The second point of controversy was whether the goal of the negotiations was to walk away with a republic or if it was to walk away with any level of independence from Britain. Lloyd George had already made it clear that Britain would never accept a republic or full Irish independence. But where did the Irish stand? For the entirety of the war, DeValera’s title had been President of the Dail Eireann, and was changed to the President of the Irish Republic on August 26th. Was that a signal that the Republic was the goal or a formality? Members like Brugha and Mary MacSwiney were under the impression that either the British promised to recognize an Irish Republic or it was back to war. Yet, Michael Collins went on record saying that “the declaration of a Republic by the leaders of the rising was far in advance of national thought” and MacSwiney accosted Harry Boland about his and DeValera’s perceived lack of commitment to a republic, and warned him to “please leave your Dual Monarchy nonsense behind you. Our oaths are to the Republic or nothing less.” DeValera didn’t help at all by refusing to provide any sort of guidance to the delegation and it seems that, if DeValera truly believed the republic or the External Association idea was ideal for Ireland, he never told the members of the delegation.
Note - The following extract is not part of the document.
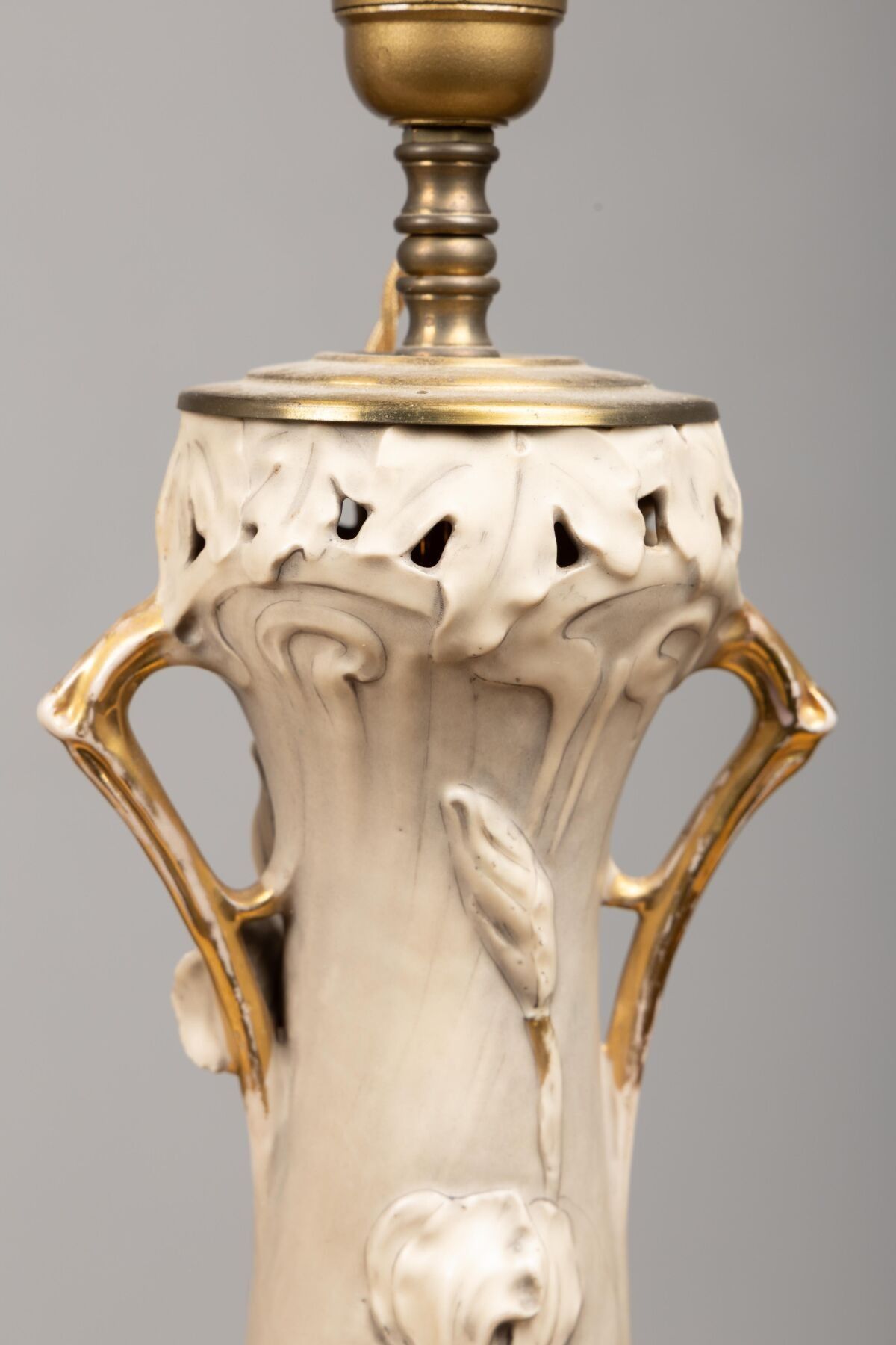 They have been mounted as lamps and fitted with small lampshades with beaded pendants.

Michael Collins and Arthur Griffith

Finally, to make matters worse, DeValera was sending the delegation as plenipotentiaries, who technically should have full powers to handle negotiations, but DeValera crippled their powers by requiring that they refer back to the cabinet for major questions and with “the complete text of the draft treaty about to be signed”. However the British assumed they were normal plenipotentiaries and could not, as Viceroy Lord FitzAlan told Lloyd George, “take advantage of De Valera’s absence to delay and refer back to him”

The cabinet protested DeValera’s proposal strenuously, with William Cosgrave leading the dissension. He believed that it made no sense to send a team to negotiation while leaving their most powerful player behind, especially since DeValera had already dealt with Lloyd George and none of the other delegation members had. Gavan Duffy supported Cosgrave’s criticism while adding his own criticism of how DeValera was crippling the negotiators with his requirement that they send everything to him for approval. Collins added his own objections, stating that he was the wrong man for the job and that the president should go instead. Dev persisted and despite all this ambiguity and disbelief that DeValera would not go to London, the cabinet approved the following appointments:

  • Arthur Griffith who would be Chairman
  • Michael Collins
  • Robert Barton, the minister of economic affairs
  • Eamonn Duggan, a lawyer and chief liaison officer for implementing the truce
  • George Gavan Duffy, another lawyer and Dail’s envoy to Rome
  • And Erskine Childers, Fionan Lynch, Diarmund O’Hegarty, and John Chartres as a secretaries.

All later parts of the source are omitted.